Output the full listing below exactly, without the pictures.

══════

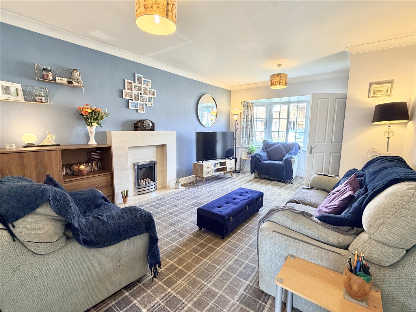 Positioned to the front, the lounge benefits from a double glazed bay window allowing good natural light. A modern stone fireplace with hearth and chrome living flame gas fire forms a central feature, with a further door leading through to the dining kitchen.
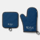 Elegant navy blue initial wedding couples oven mitt & pot holder set
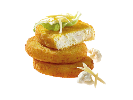 Ovale Medaillons mit goldbrauner Kruste, hergestellt aus Blumenkohl und Käse, mild gewürzt, ausgeformt, paniert, vorgebacken und freifließend tiefgefroren.
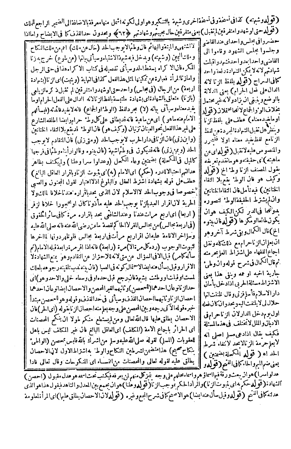 (قَوْلُهُ الْمُكْحُلَةُ بِضَمَّتَيْنِ) يَعْنِي ضَمَّ الْمِيمِ وَالْحَاءِ كَمَا فِي الْفَتْحِ (قَوْلُهُ وَعُدِّلُوا سِرًّا) هُوَ أَنْ يَبْعَثَ وَرَقَةً فِيهَا أَسْمَاؤُهُمْ وَأَسْمَاءُ مَحَلَّتِهِمْ عَلَى وَجْهٍ يَتَمَيَّزُ كُلٌّ مِنْهُمْ لِمَنْ يَعْرِفُهُ فَيَكْتُبُ تَحْتَ اسْمِهِ هُوَ عَدْلٌ مَقْبُولُ الشَّهَادَةِ (قَوْلُهُ حُكِمَ بِهِ أَيْ بِثُبُوتِ الزِّنَا) وَالْمُرَادُ الْحُكْمُ بِمُوجَبِ الزِّنَا (قَوْلُهُ وَعَلَنًا) هُوَ أَنْ يَجْمَعَ بَيْنَ الْمُعَدِّلِ وَالشَّاهِدِ فَيَقُولُ هَذَا هُوَ الَّذِي عَدَّلْته كَمَا فِي الْفَتْحِ (قَوْلُهُ وَقِيلَ سَأَلَ عَنْهُ أَيْضًا) هُوَ الْأَصَحُّ كَمَا فِي شَرْحِ الْمَجْمَعِ وَغَيْرِهِ (قَوْلُهُ لِأَنَّ الْإِحْصَانَ يُطْلَقُ عَلَيْهَا) أَيْ الْمَرْأَةِ الْمَعْلُومَةِ
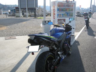 10:33 側道を移動中 K2Yを出発して、まずは国道16号を千葉方面に南下し、途中から左折して京葉道路の側道を走ります。 信号待ちで、ちょっと停止。 ロッシカラーに塗られたR1の限定色(?)格好いいです! このあと、途中まで一緒に走っていた、すーさんとはぐれてしまいました。 |
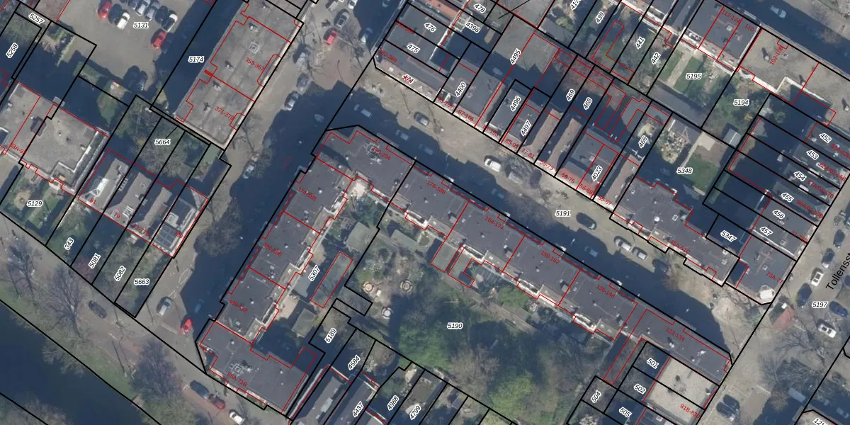 Het adres ligt op het perceel RTD08-X-5190, dat zich in de kadastrale gemeente Rotterdam bevindt. De oppervlakte van het perceel is 2760 m². Dat is groter dan gemiddeld in Rotterdam, waar de gemiddelde perceeloppervlakte op 689,2 m² ligt. Het kleinste perceel in de kadastrale gemeente is 0 m² groot. De grootste perceeloppervlakte is 4,0 ha. Op het perceel liggen in totaal 34 adressen. De huidige grenzen van het perceel zijn digitaal in de Basisregistratie Kadaster (BRK) geregistreerd op 08-01-2003.
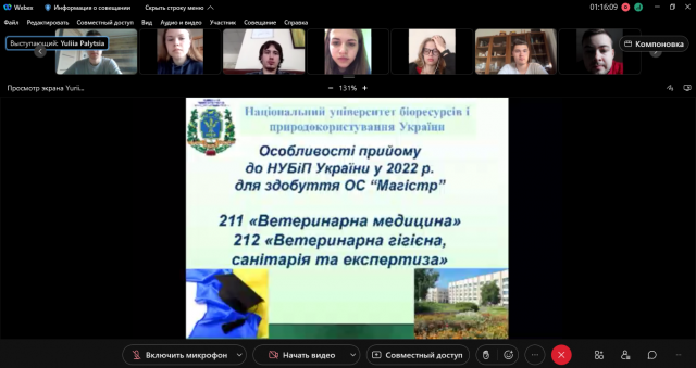 16 квітня 2022 року на факультеті ветеринарної медицини НУБіП України було проведено «День відкритий дверей» в режимі on-line з використанням платформи Webex. Незважаючи на перепони, у яких опинилися випускники загальноосвітніх шкіл, ліцеїв, гімназій, технікумів, коледжів, у воєнний час кожний із них стоїть перед вибором закладу вищої освіти, майбутньої професії, життєву дорогу в майбутнє.
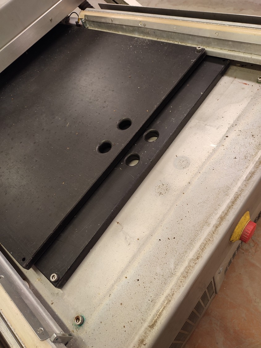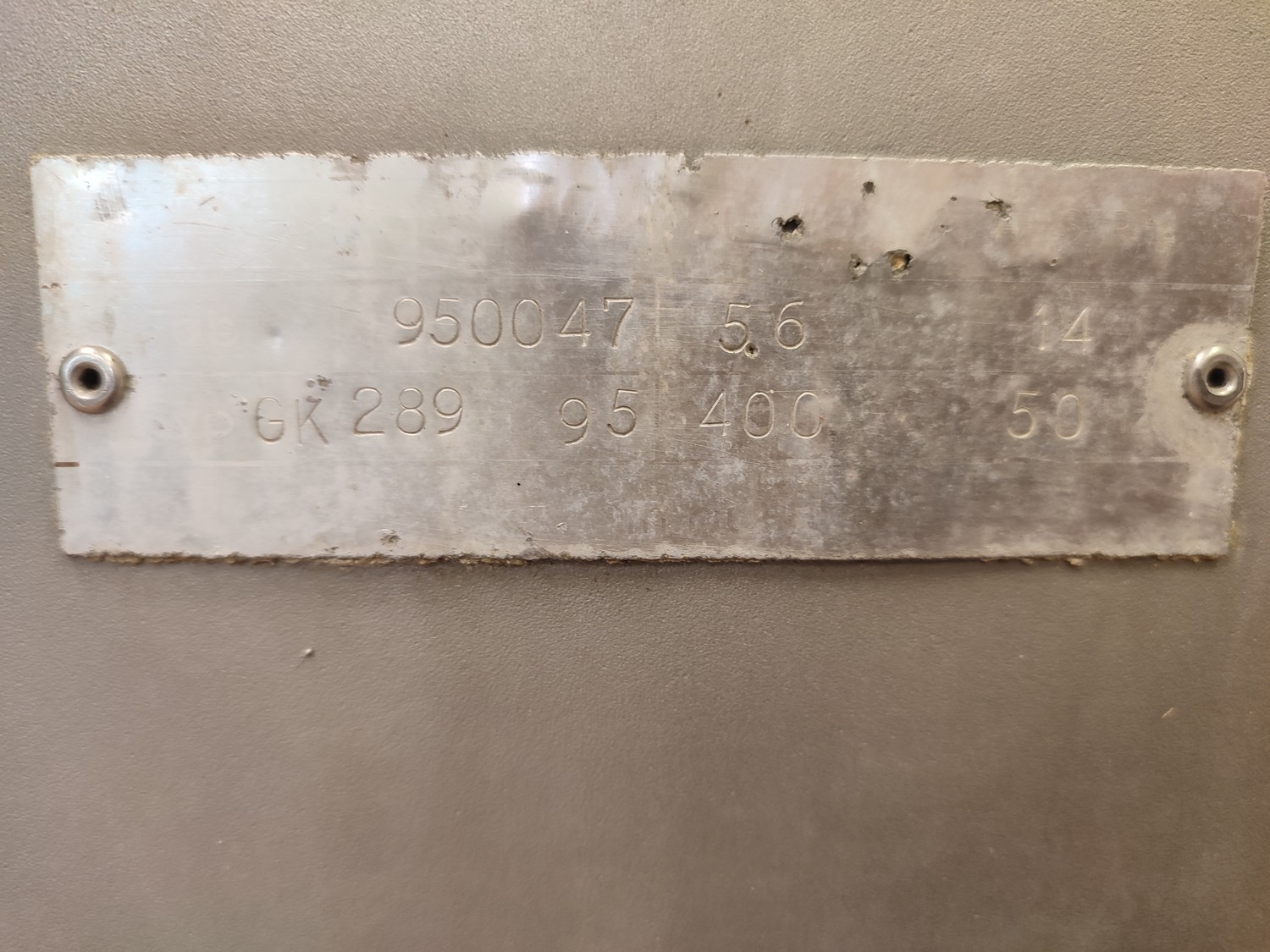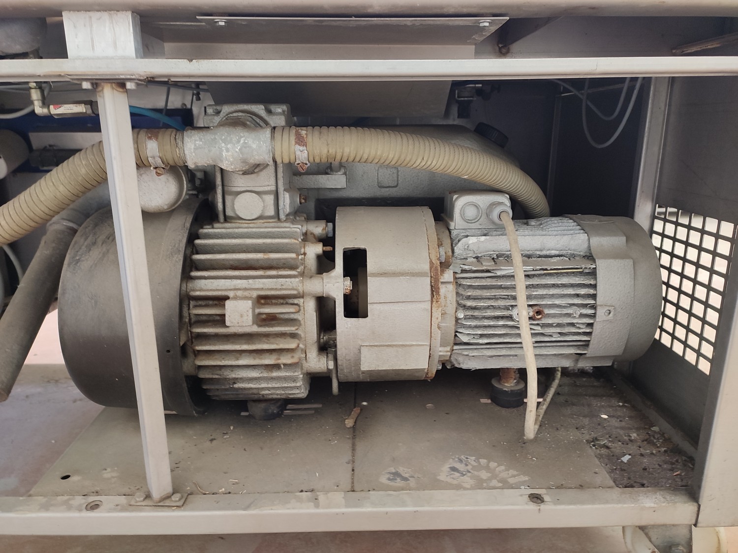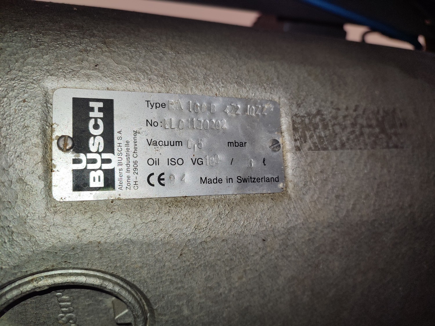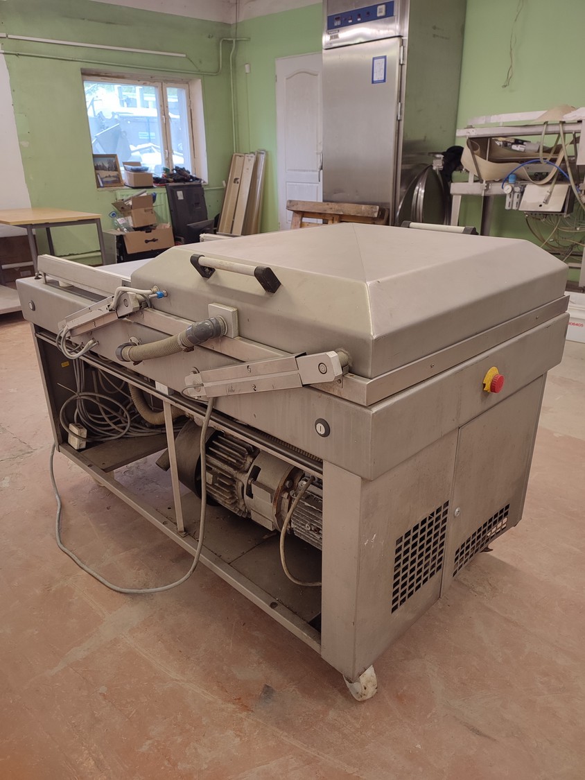 Supervac mobile double chamber vacuum machine, type: GK 289, number: 950047, year of construction: 1995, 400 V, 3 Ph, 50 Hz, 14 A, 5,6 kW, seal length: (4x) 660 mm, dimensions chamber: (2x) 660 mm x 780 mm, Busch vacuum pump, type: RA 160 B 4Z2 IQZZ, serial number: LL011E0202, year of construction: 1994, capacity: 160 m³ per hour, total dimensions: 1700 mm x 980 mm x 1100 mm. Technical condition unknow.
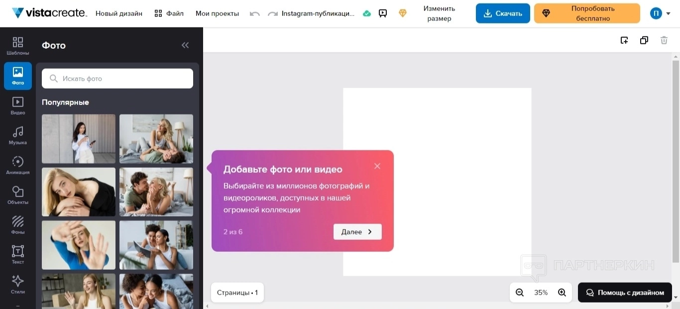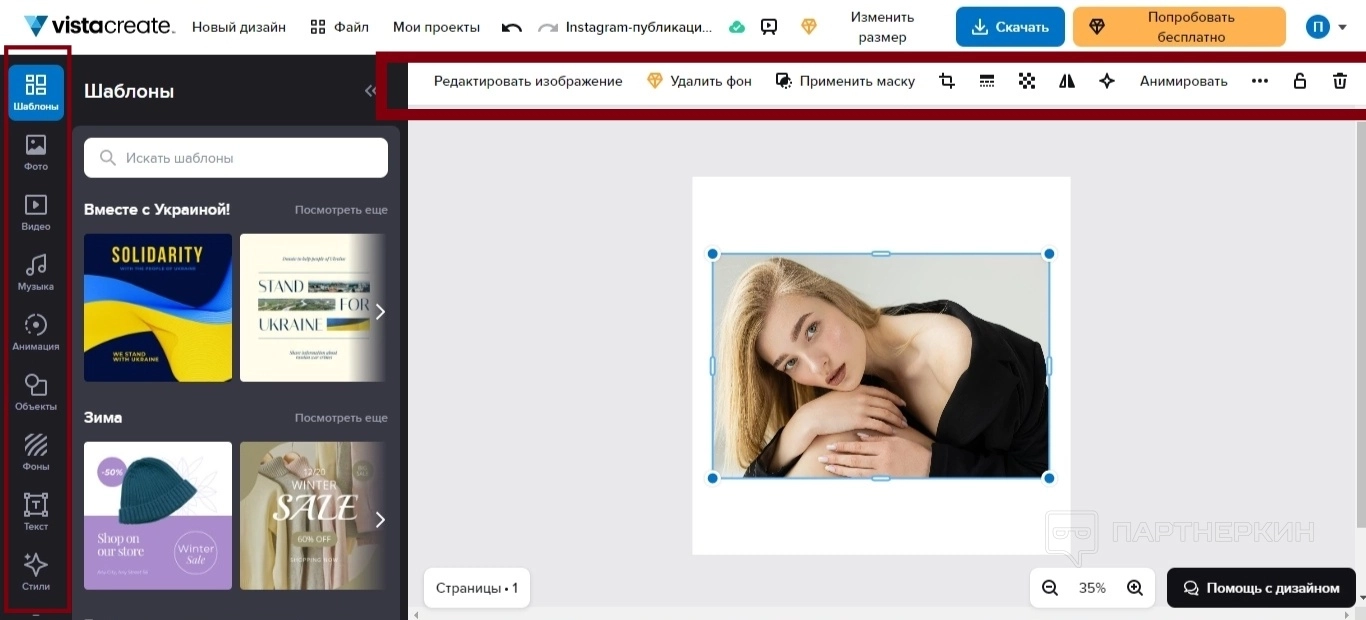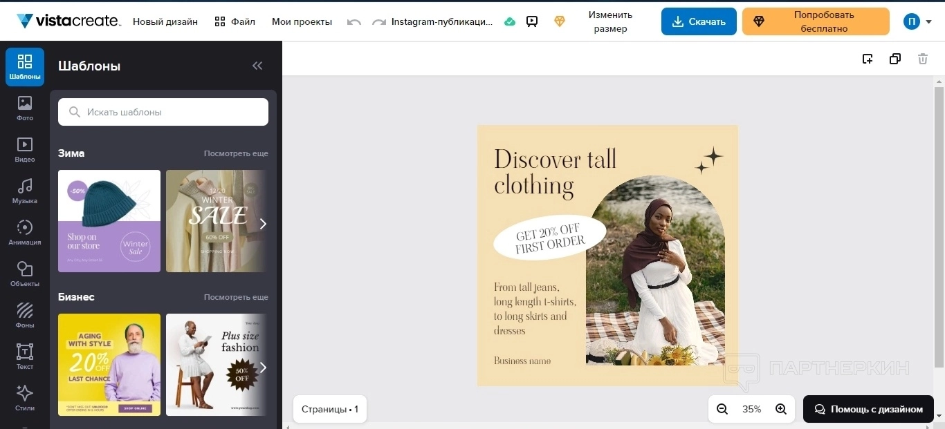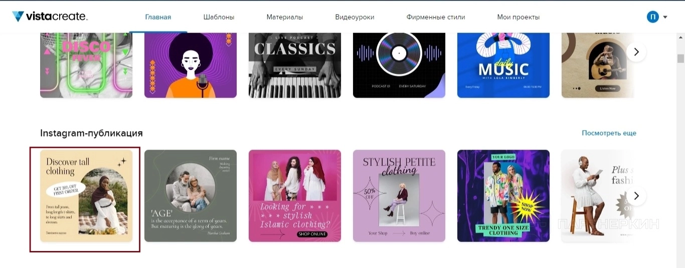 Для тестирования сервиса в создании креативов с нуля был выбран шаблон для Instagram*-публикации.

══════

> _RESULT BELOW_
 Positioned to the front, the lounge benefits from a double glazed bay window allowing good natural light. A modern stone fireplace with hearth and chrome living flame gas fire forms a central feature, with a further door leading through to the dining kitchen.
 Elegant navy blue initial wedding couples oven mitt & pot holder set
 Ovale Medaillons mit goldbrauner Kruste, hergestellt aus Blumenkohl und Käse, mild gewürzt, ausgeformt, paniert, vorgebacken und freifließend tiefgefroren.
 (قَوْلُهُ الْمُكْحُلَةُ بِضَمَّتَيْنِ) يَعْنِي ضَمَّ الْمِيمِ وَالْحَاءِ كَمَا فِي الْفَتْحِ (قَوْلُهُ وَعُدِّلُوا سِرًّا) هُوَ أَنْ يَبْعَثَ وَرَقَةً فِيهَا أَسْمَاؤُهُمْ وَأَسْمَاءُ مَحَلَّتِهِمْ عَلَى وَجْهٍ يَتَمَيَّزُ كُلٌّ مِنْهُمْ لِمَنْ يَعْرِفُهُ فَيَكْتُبُ تَحْتَ اسْمِهِ هُوَ عَدْلٌ مَقْبُولُ الشَّهَادَةِ (قَوْلُهُ حُكِمَ بِهِ أَيْ بِثُبُوتِ الزِّنَا) وَالْمُرَادُ الْحُكْمُ بِمُوجَبِ الزِّنَا (قَوْلُهُ وَعَلَنًا) هُوَ أَنْ يَجْمَعَ بَيْنَ الْمُعَدِّلِ وَالشَّاهِدِ فَيَقُولُ هَذَا هُوَ الَّذِي عَدَّلْته كَمَا فِي الْفَتْحِ (قَوْلُهُ وَقِيلَ سَأَلَ عَنْهُ أَيْضًا) هُوَ الْأَصَحُّ كَمَا فِي شَرْحِ الْمَجْمَعِ وَغَيْرِهِ (قَوْلُهُ لِأَنَّ الْإِحْصَانَ يُطْلَقُ عَلَيْهَا) أَيْ الْمَرْأَةِ الْمَعْلُومَةِ
 10:33 側道を移動中 K2Yを出発して、まずは国道16号を千葉方面に南下し、途中から左折して京葉道路の側道を走ります。 信号待ちで、ちょっと停止。 ロッシカラーに塗られたR1の限定色(?)格好いいです! このあと、途中まで一緒に走っていた、すーさんとはぐれてしまいました。 |
 Het adres ligt op het perceel RTD08-X-5190, dat zich in de kadastrale gemeente Rotterdam bevindt. De oppervlakte van het perceel is 2760 m². Dat is groter dan gemiddeld in Rotterdam, waar de gemiddelde perceeloppervlakte op 689,2 m² ligt. Het kleinste perceel in de kadastrale gemeente is 0 m² groot. De grootste perceeloppervlakte is 4,0 ha. Op het perceel liggen in totaal 34 adressen. De huidige grenzen van het perceel zijn digitaal in de Basisregistratie Kadaster (BRK) geregistreerd op 08-01-2003.
 16 квітня 2022 року на факультеті ветеринарної медицини НУБіП України було проведено «День відкритий дверей» в режимі on-line з використанням платформи Webex. Незважаючи на перепони, у яких опинилися випускники загальноосвітніх шкіл, ліцеїв, гімназій, технікумів, коледжів, у воєнний час кожний із них стоїть перед вибором закладу вищої освіти, майбутньої професії, життєву дорогу в майбутнє.
 Supervac mobile double chamber vacuum machine, type: GK 289, number: 950047, year of construction: 1995, 400 V, 3 Ph, 50 Hz, 14 A, 5,6 kW, seal length: (4x) 660 mm, dimensions chamber: (2x) 660 mm x 780 mm, Busch vacuum pump, type: RA 160 B 4Z2 IQZZ, serial number: LL011E0202, year of construction: 1994, capacity: 160 m³ per hour, total dimensions: 1700 mm x 980 mm x 1100 mm. Technical condition unknow.
 Для тестирования сервиса в создании креативов с нуля был выбран шаблон для Instagram*-публикации.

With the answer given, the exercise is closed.